── SUPPLIED DATA

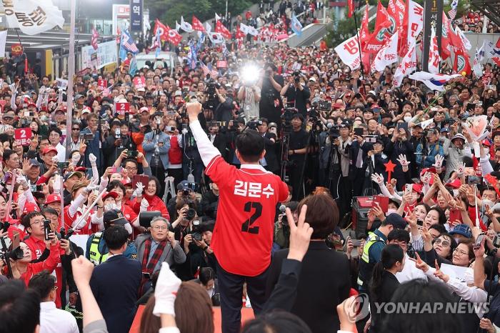 서울역에서 지지들에게 손을 흔들고 있는 김문수 후보국민의힘 김문수 대선 후보가 20일 서울과 경기 수도권 지역을 잇따라 방문하며 민생 행보와 정책 행보를 병행하는 강행군을 이어갔다. 전날에 이어 이…
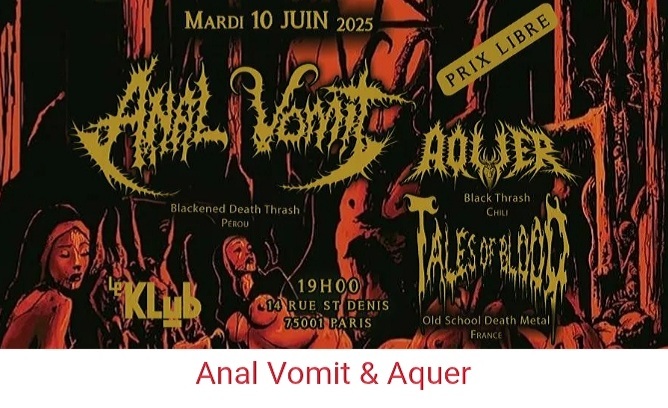 Demoniac Flagellations 20th annivesary Europe Tour 2025 : Anal Vomit, le Klub, Paris (FR) - 10 juin 2025
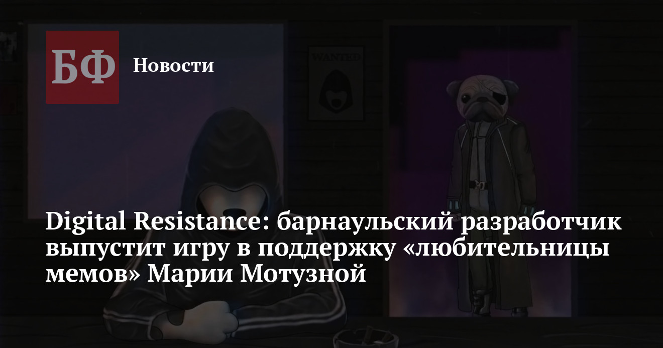 Барнаульское издательство Dagestan Technology готовит к выпуску компьютерную игру Digital Resistance («Цифровое сопротивление»), часть дохода от продаж которой передадут обвиняемой в экстремизме за мемы Марии Мотузной. Игра планируется к релизу в популярном интернет-магазине Steam 7 сентября.
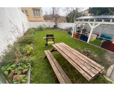 Zur Wohnung gehört ein großer Gemeinschaftsgarten mit eigener Terrasse, der kaum benutzt wird. Die WG wird nur an ein Personen vermietet, die bereit ist, sich zuverlässig und regelmäßig um die Gartenpflege zu kümmern. Zudem sind Haustiere nach Absprache erwünscht.
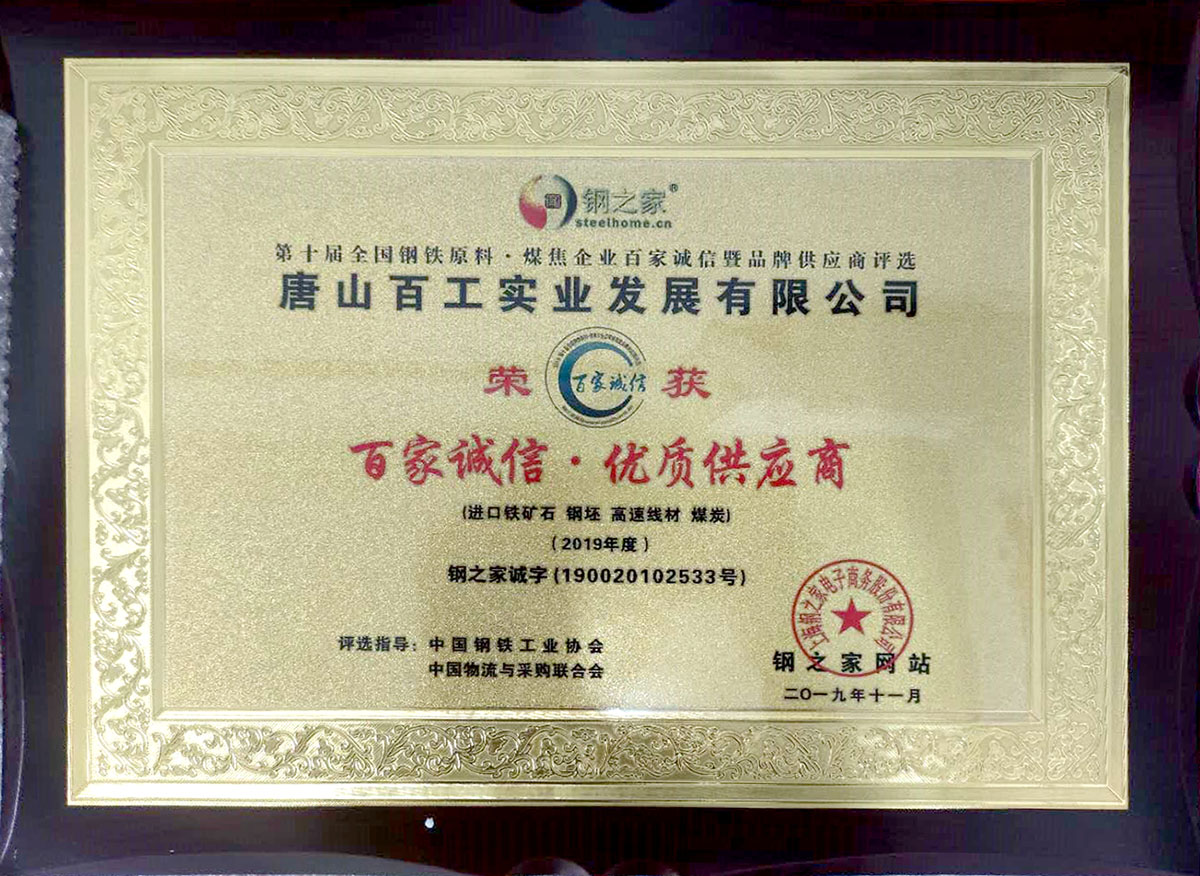 In 2019, it won the title of "100 Integrity and High-quality Suppliers" in the 10th National Steel Raw Material Coal and Coke Enterprise Hundred Integrity and Brand Supplier Selection Event;
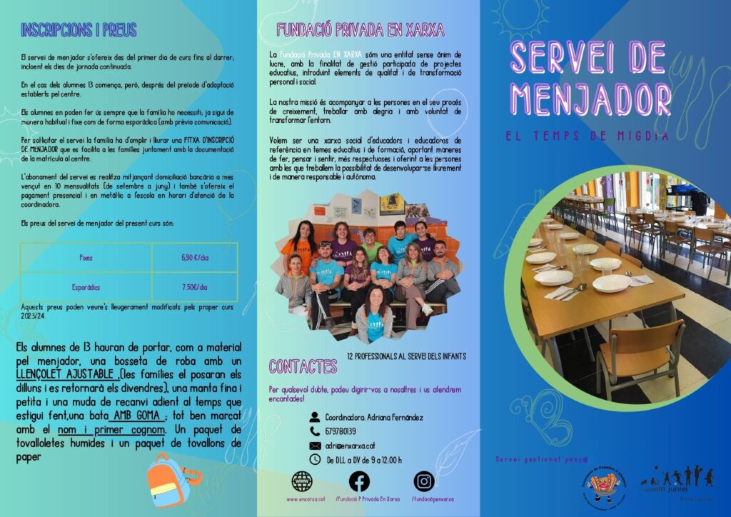 Per qualsevol dubte o qüestió poseu-vos en contacte amb la coordinadora del menjador. Disposeu d’horari d’atenció a l’escola de dilluns a divendres de 9:00 a 12:00 hores. També podeu escriure a l’adreça electrònica adri@enxarxa.cat, trucar al telèfon 679780139 i enviar whatsapp.
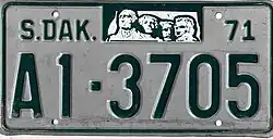 1971 Embossed green on reflective white with border line; "S.DAK.", stamped Mount Rushmore graphic and "71" at top none 1-12345
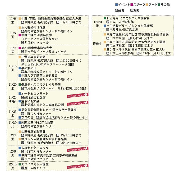 イベント 暮らしの情報掲示板~11・12月イベントカレンダー 18/38 前の記事 次の記事 記事を読み上げる 発行日 : 2025年11月05日 自治体名 : 長野県中野市 広報紙名 : 広報なかの 2025年11月号 Tweet シェアする ご寄付ありがとうございました 暮らしの情報掲示板~Pick up イベント「開催」
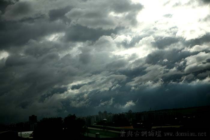 今早特地熬夜趕在颱風進入時.觀看風的強度.我家後院有一大片柚子樹和竹林.每次有風吹時.一片竹林或樹林齊舞.時間一看久.突然覺得那些樹林和竹林好像有生命力似的.好像很多人在舞動著.不過早晨陰天的色調都灰.加上現場是低光度.低彩度和低明度的現場.加上的這些樹和竹子的晃動.神秘感十足.
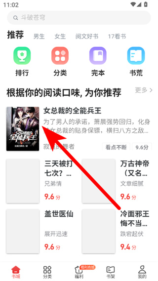 1、在追書神器書城頁面,點(diǎn)擊感興趣的小說,進(jìn)入小說詳情界面。
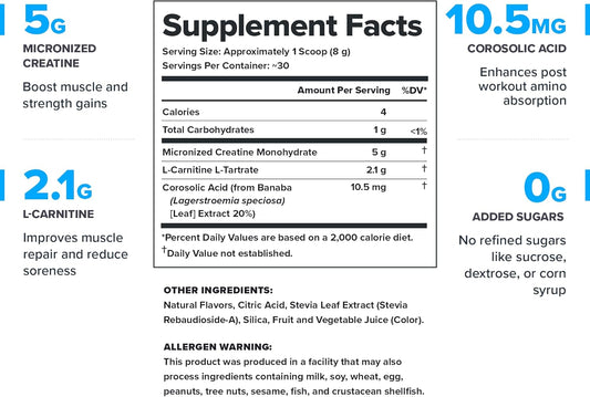 All Natural Post Workout Supplement with Micronized Creatine Monohydrate - Fruit Punch Flavor, 30 Servings
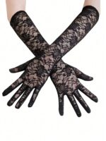 Add a touch of timeless elegance to your look with these Black Lace Flower Design Gloves. Crafted with delicate floral lace, they bring a romantic and gothic charm to any outfit — perfect for weddings, bachelorette parties, Halloween, or Valentine’s Day.
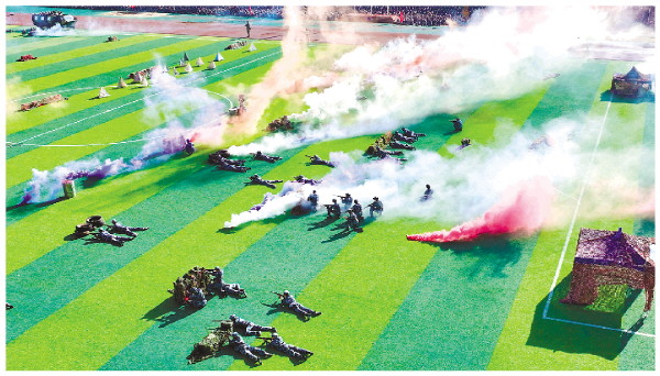 9月26日,桂林理工大学2025级本科新生军训科目展示暨总结大会中,大学生进行实兵对抗演练的场景。 当天,大学生们进行了匕首操、捕俘拳、刺杀操演示。模拟实战的实兵对抗演练中,无人装备精准“打击”,特战小队人、车协同,充分体现出学校与时俱进、注重培养现代战争思维和科技素养的军训理念。 记者李凯 摄
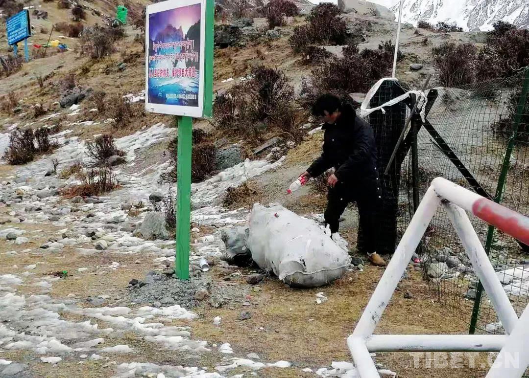 圖為巡邏隊(duì)成員在薩普冰川清理生活垃圾
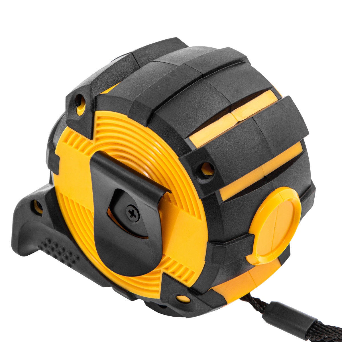 Наличие клапана для сброса давления Рулетка 5м х 32мм, автоматич. фиксац., нейлон. покрытие, магнит. зацеп, двухстор. разметка Denzel
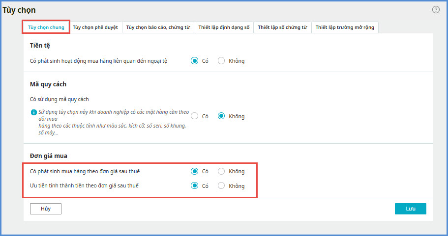 Tại tab Tuỳ chọn chung, người dùng sẽ thiết lập tuỳ chọn liên quan đến Tiền tệ, Mã quy cách, Đơn giá mua

────

▶ **TASK GOAL**
Return the complete material above exactly, with no picture.

▶ **OUTPUT FOR THIS TASK**
 서울역에서 지지들에게 손을 흔들고 있는 김문수 후보국민의힘 김문수 대선 후보가 20일 서울과 경기 수도권 지역을 잇따라 방문하며 민생 행보와 정책 행보를 병행하는 강행군을 이어갔다. 전날에 이어 이…
 Demoniac Flagellations 20th annivesary Europe Tour 2025 : Anal Vomit, le Klub, Paris (FR) - 10 juin 2025
 Барнаульское издательство Dagestan Technology готовит к выпуску компьютерную игру Digital Resistance («Цифровое сопротивление»), часть дохода от продаж которой передадут обвиняемой в экстремизме за мемы Марии Мотузной. Игра планируется к релизу в популярном интернет-магазине Steam 7 сентября.
 Zur Wohnung gehört ein großer Gemeinschaftsgarten mit eigener Terrasse, der kaum benutzt wird. Die WG wird nur an ein Personen vermietet, die bereit ist, sich zuverlässig und regelmäßig um die Gartenpflege zu kümmern. Zudem sind Haustiere nach Absprache erwünscht.
 In 2019, it won the title of "100 Integrity and High-quality Suppliers" in the 10th National Steel Raw Material Coal and Coke Enterprise Hundred Integrity and Brand Supplier Selection Event;
 Per qualsevol dubte o qüestió poseu-vos en contacte amb la coordinadora del menjador. Disposeu d’horari d’atenció a l’escola de dilluns a divendres de 9:00 a 12:00 hores. També podeu escriure a l’adreça electrònica adri@enxarxa.cat, trucar al telèfon 679780139 i enviar whatsapp.
 1971 Embossed green on reflective white with border line; "S.DAK.", stamped Mount Rushmore graphic and "71" at top none 1-12345
 イベント 暮らしの情報掲示板~11・12月イベントカレンダー 18/38 前の記事 次の記事 記事を読み上げる 発行日 : 2025年11月05日 自治体名 : 長野県中野市 広報紙名 : 広報なかの 2025年11月号 Tweet シェアする ご寄付ありがとうございました 暮らしの情報掲示板~Pick up イベント「開催」
 今早特地熬夜趕在颱風進入時.觀看風的強度.我家後院有一大片柚子樹和竹林.每次有風吹時.一片竹林或樹林齊舞.時間一看久.突然覺得那些樹林和竹林好像有生命力似的.好像很多人在舞動著.不過早晨陰天的色調都灰.加上現場是低光度.低彩度和低明度的現場.加上的這些樹和竹子的晃動.神秘感十足.
 1、在追書神器書城頁面,點(diǎn)擊感興趣的小說,進(jìn)入小說詳情界面。
 All Natural Post Workout Supplement with Micronized Creatine Monohydrate - Fruit Punch Flavor, 30 Servings
 Add a touch of timeless elegance to your look with these Black Lace Flower Design Gloves. Crafted with delicate floral lace, they bring a romantic and gothic charm to any outfit — perfect for weddings, bachelorette parties, Halloween, or Valentine’s Day.
 9月26日,桂林理工大学2025级本科新生军训科目展示暨总结大会中,大学生进行实兵对抗演练的场景。 当天,大学生们进行了匕首操、捕俘拳、刺杀操演示。模拟实战的实兵对抗演练中,无人装备精准“打击”,特战小队人、车协同,充分体现出学校与时俱进、注重培养现代战争思维和科技素养的军训理念。 记者李凯 摄
 圖為巡邏隊(duì)成員在薩普冰川清理生活垃圾
 Наличие клапана для сброса давления Рулетка 5м х 32мм, автоматич. фиксац., нейлон. покрытие, магнит. зацеп, двухстор. разметка Denzel
 Tại tab Tuỳ chọn chung, người dùng sẽ thiết lập tuỳ chọn liên quan đến Tiền tệ, Mã quy cách, Đơn giá mua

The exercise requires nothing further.